Excerpted data:
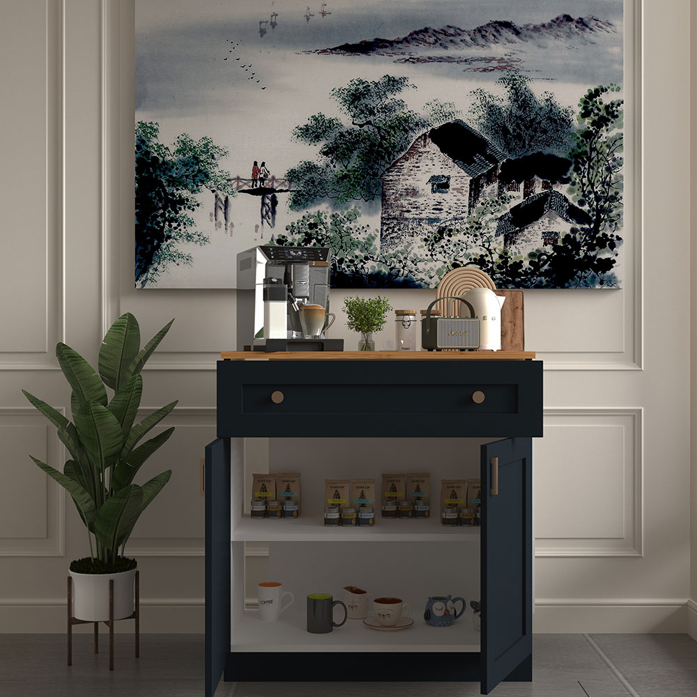 Bu kahve köşesi modeli, evin mutfak bölümünde, oturma odasında veya açık plan yaşam alanlarında rahatlıkla kullanılabilir. Ofis ortamlarında da çalışanlara özel modern kahve istasyonu kurmak için uygundur. 79 cm genişliği sayesinde fazla yer kaplamadan fonksiyonel bir alan sunar. Aynı zamanda kafeterya tarzı ev dekorasyonlarında hem estetik hem de işlevsel bir parça olarak yer bulur. Renk kombinasyonu olan lacivert ve Atlantik çam, hem modern hem klasik mobilyalarla uyumludur. Bu sayede farklı dekorasyon stillerine kolayca entegre edilebilir.
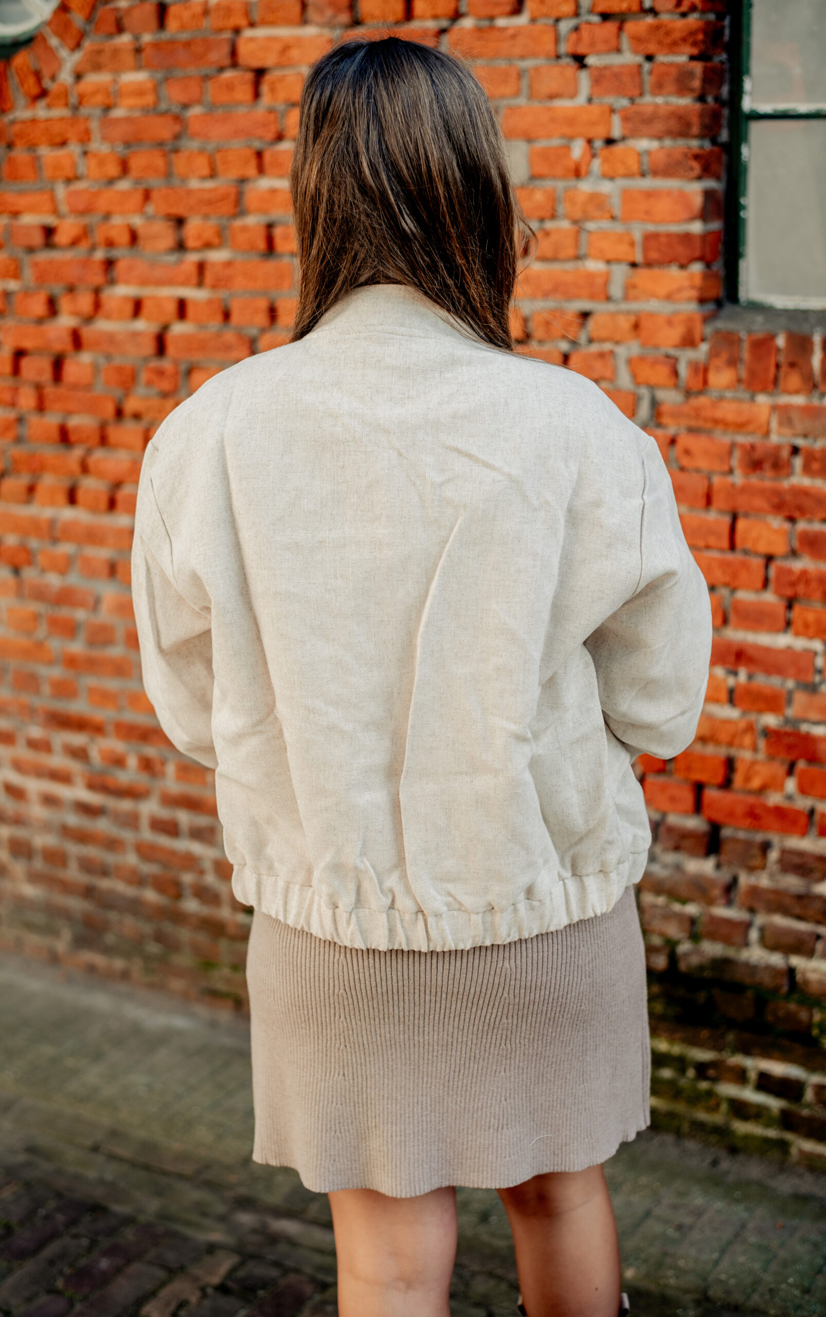 Dit stijlvolle bomberjack is perfect als tussenjas voor de dagen waarop het net te warm is voor een dikke jas. Het jack heeft een comfortabele pasvorm en sluit met knopen, waardoor het een moderne en casual uitstraling krijgt. Makkelijk te combineren met verschillende outfits voor een trendy look.
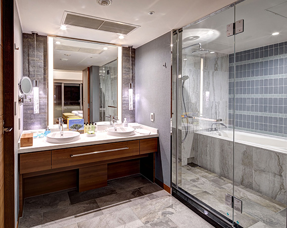酒店房間設計比較古典,以較穩種的色系為主,整體有尊榮的貴氣感。而房間靠近窗面,還有一區的休憩沙發區,足不出戶就可以欣賞到窗外迷人景致。而浴室則是改走明亮氣氛,以大量石材打造高雅質感。
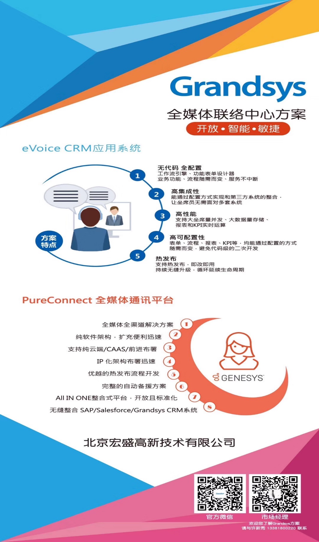 北京宏盛高新技术有限公司(Grandsys)是一家国家认证的高新技术企业,深耕中国大陆呼叫中心行业近20年,积累了丰富的实施与服务经验。Gransys坚持以客户为中心,以发展为已任,并长期专注于自有品牌的研发,拥有超过70%的技术人力与设计研发团队。
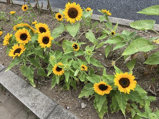 5月に植えたひまわりの種。気温がぐんぐん高くなり、ひまわりも大きく生長してついに花が咲きました。今では花壇がとっても明るくなりました。
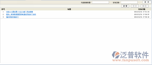 依據(jù)信息內(nèi)容的新聞標(biāo)題和發(fā)布日期對信息進(jìn)行模糊查詢操作,具體查看、新增、編輯和刪除等操作同郵件管理類同;

Activity: Only the lines from the one with "酒店房間設計比較古典,以較穩" through the last line above belong in the answer. Reproduce them exactly, without the pictures.

Answer section:
酒店房間設計比較古典,以較穩種的色系為主,整體有尊榮的貴氣感。而房間靠近窗面,還有一區的休憩沙發區,足不出戶就可以欣賞到窗外迷人景致。而浴室則是改走明亮氣氛,以大量石材打造高雅質感。
 北京宏盛高新技术有限公司(Grandsys)是一家国家认证的高新技术企业,深耕中国大陆呼叫中心行业近20年,积累了丰富的实施与服务经验。Gransys坚持以客户为中心,以发展为已任,并长期专注于自有品牌的研发,拥有超过70%的技术人力与设计研发团队。
 5月に植えたひまわりの種。気温がぐんぐん高くなり、ひまわりも大きく生長してついに花が咲きました。今では花壇がとっても明るくなりました。
 依據(jù)信息內(nèi)容的新聞標(biāo)題和發(fā)布日期對信息進(jìn)行模糊查詢操作,具體查看、新增、編輯和刪除等操作同郵件管理類同;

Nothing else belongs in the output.